The Chaser’s guide to raising a gifted child: it’s not easy being the best – News Ghana

The Chaser’s guide to raising a gifted child: it’s not easy being the best

Picture this. Your child is a straight-A student, head of the school orchestra, vice-captain of debating, MVP in the state basketball team, and runs a charity program that supports orphans in India.

If that sounds all too familiar, then this column isn’t for you. Seriously, vice-captain? Cute, but I’d prefer not to get bogged down talking about mediocrity.

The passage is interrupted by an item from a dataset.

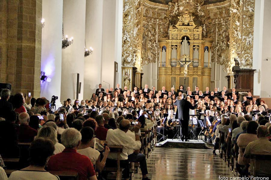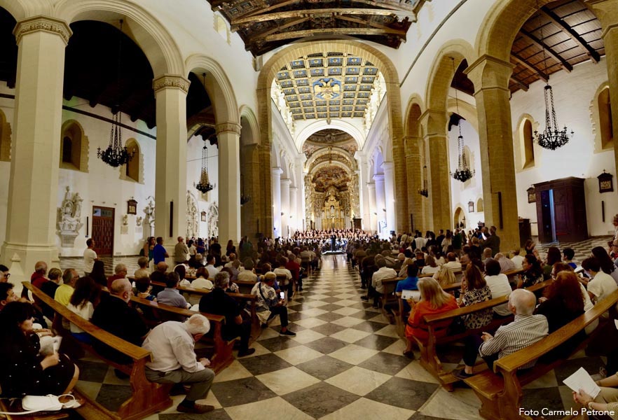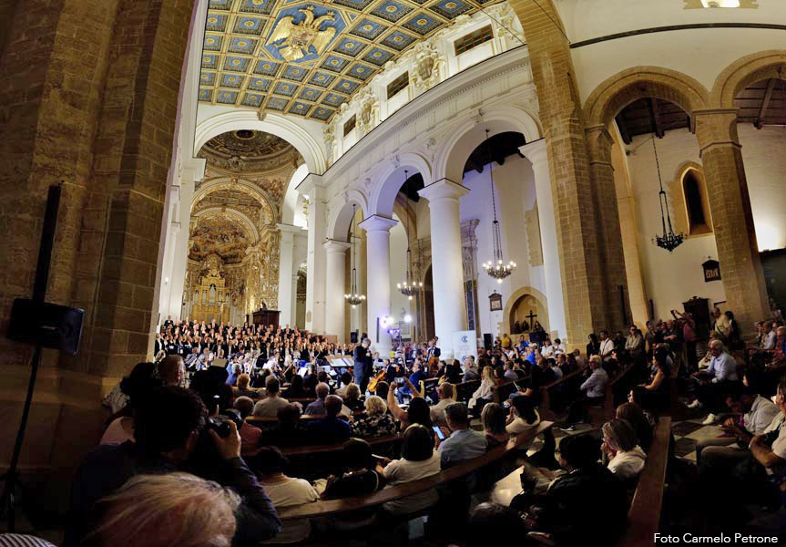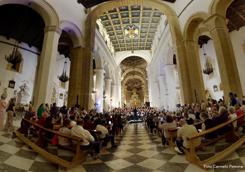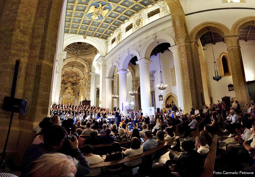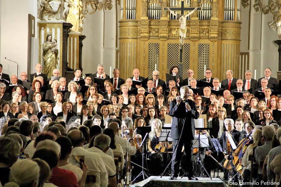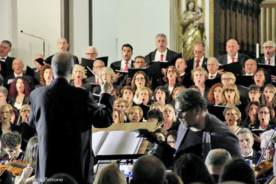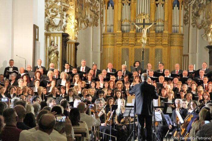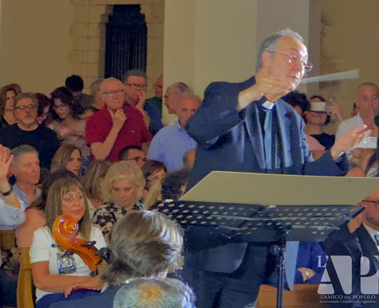Un “monumentale” concerto nella monumentale Cattedrale normanna che ha visto protagonista Mons. Marco Frisina dirigere un coro di ben 200 coristi provenienti da Cori Parrocchiali e non dell’Arcidiocesi di Agrigento, aderenti alla Federcori, presieduta da Salvatore Di Blasi ed accompagnati dall’ Orchestra Bequadro di Bagheria. Sotto la guida di Frisina, i duecento coristi e l’orchesta hanno dato vita a una esperienza corale capace di toccare le corde più intime dei presenti. Il repertorio, interamente dedicato alla musica sacra, ha spaziato tra brani tradizionali e composizioni originali del Maestro, esaltando la capacità della musica di elevare lo spirito e unire le persone in un’esperienza condivisa di fede, cultura e bellezza. Al termine del concerto Monsignor Frisina ha condiviso alcune riflessioni sulla musica sacra oggi; che non è solo arte; è preghiera che si fa suono (non è mancata, infatti, la preghiera e l’intonazione attraverso il canto per la pace nel mondo), è un ponte tra l’umano e il divino e in un mondo sempre più frenetico, la musica sacra ci offre un’oasi di pace, un momento per ritrovare noi stessi e connetterci con qualcosa di più grande. Aver visto e sentito, nella giornata della musica… , tutti quei coristi e musicisti unite da un’unica passione è stata la dimostrazione più tangibile del potere aggregante della musica. Insomma un grande evento musicale e, per non pochi, anche un’autentica esperienza spirituale che ha ribadito con forza il ruolo insostituibile della musica sacra nel panorama culturale e spirituale contemporaneo ed ha ricordato a tutti come la bellezza possa essere un veicolo privilegiato per la trascendenza e la comunione.

If your child truly is a high achiever though, read on as you could probably do with some advice. How best to channel all those talents? How to keep your child constantly stimulated? And when, exactly, to start the campaign push for SRC president.**

As a mother of a high-achieving child myself, I know how difficult it can be. I had to pull my daughter Mia out of Little Athletics at the age of four because she wasn’t being challenged enough. And in the 10 years since, while Mia has cleared every hurdle put in front of her, society has continuously lowered the bar (or, as Little Athletics puts it, “we need to give some of the other kids a go at the high jump”).

So I get it. It’s hard being better than everyone else. By following these tips below, however, you’ll ensure your child lives a rich, happy, fulfilling (but mainly rich) life.

1. Let them be themselves

Ah, kids. It’s natural that they’ll want to push the boundaries and carve out their own identity, especially as they grow older. What’s important is you give them the freedom to be themselves, whether that’s a straight-A student who plays state-grade tennis, or a straight-A student who plays state-grade netball. Or, in Mia’s case, a straight-A student who plays both. Put aside your prejudices and just let them run their own race – with you at the side cheering them on, while providing helpful tips for improvement.

2. Don’t over-schedule

If your child is anything like mine, they’ll be tempted to get involved in all of the many different activities at which they excel, leading to inevitable overload. So it’s important that you teach your child to prioritise and make the right choices. Just yesterday I had to counsel Mia about whether to attend the dress rehearsal for the school’s production of Romeo and Juliet (she’s playing the lead) or the award ceremony for the Victorian Young Scientists extension program. In the end, we decided she should be there to accept the award in person. I filled in as Juliet.

3. Spend quality time together

Don’t forget to make time to just hang out together, without the pressures of school or extra-curricular activities. Even something as simple as baking a cake together can be a relaxing, bonding experience. The different weights and measures required in baking also provide a wonderful opportunity to practise mental maths. I usually ask Mia to make 1.17 times the required recipe, just for a little extension.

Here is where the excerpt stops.